- [SOURCE MATERIAL]
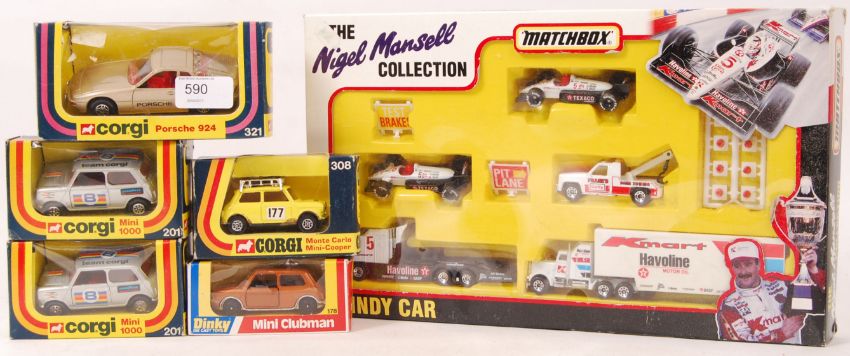 A collection of assorted vintage boxed diecast to include; 5x boxed Corgi models - 321, 308, 178, 201 (x2) and a Matchbox Nigel Mansell Collection set. All within the original boxes.
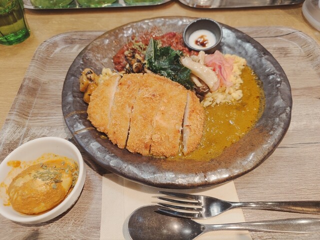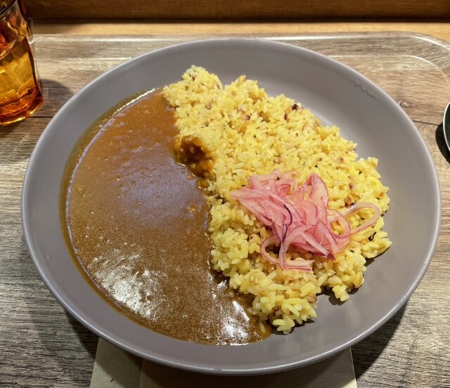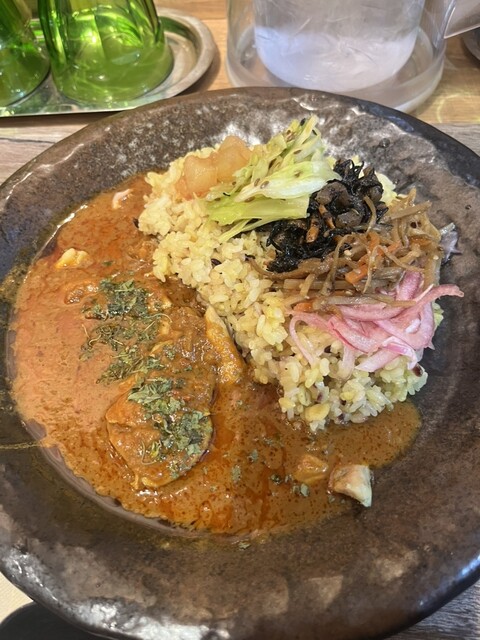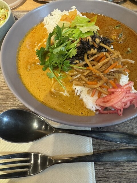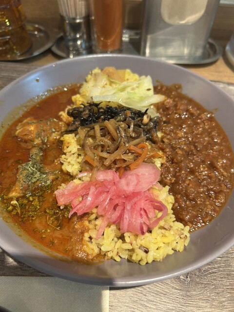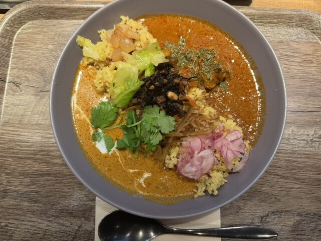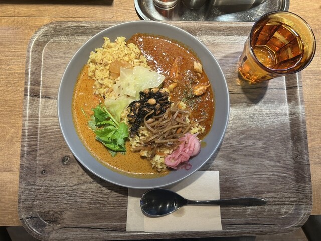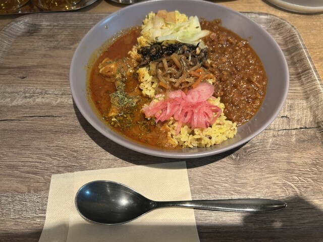 海老とココナッツのアジアンカレーとチキンの合盛りカレーをいただきました。 海老カレーはココナッツのまろやかさと海老の旨みがしっかり感じられ、チキンカレーはスパイスが効いてコクがあります。 ご飯の上にはカレーの味を引き立てるお惣菜も添えられていて、スパイシーな香りと彩りが楽しめるのも嬉しかったです... 詳細を見る
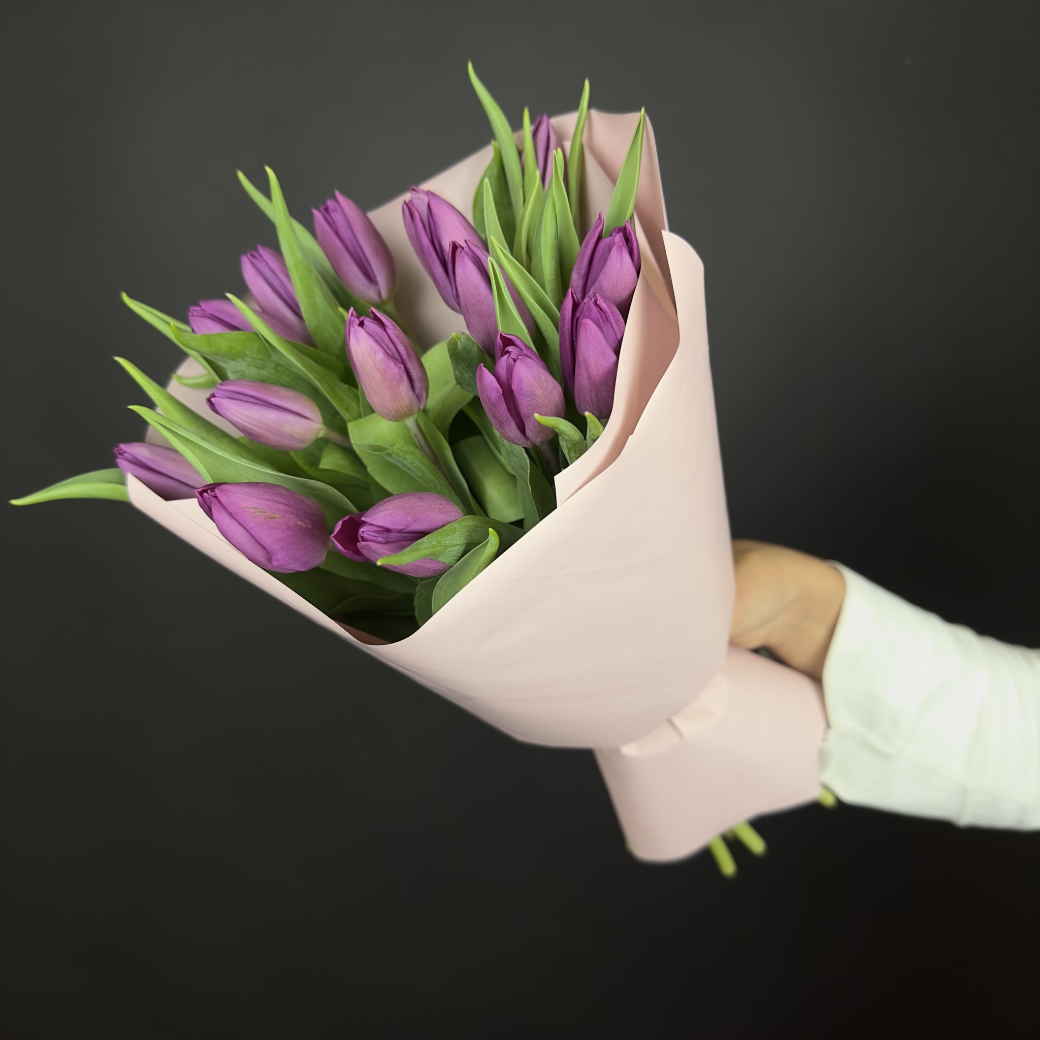 A small bouquet of 15 bright violet tulips is a perfect surprise for your loved ones not only on March 8, but also on any other day.

- [EXERCISE DIRECTIONS] Since the pictures are not wanted, give the material again exactly without them.

- [REPLY]
 A collection of assorted vintage boxed diecast to include; 5x boxed Corgi models - 321, 308, 178, 201 (x2) and a Matchbox Nigel Mansell Collection set. All within the original boxes.
 海老とココナッツのアジアンカレーとチキンの合盛りカレーをいただきました。 海老カレーはココナッツのまろやかさと海老の旨みがしっかり感じられ、チキンカレーはスパイスが効いてコクがあります。 ご飯の上にはカレーの味を引き立てるお惣菜も添えられていて、スパイシーな香りと彩りが楽しめるのも嬉しかったです... 詳細を見る
 A small bouquet of 15 bright violet tulips is a perfect surprise for your loved ones not only on March 8, but also on any other day.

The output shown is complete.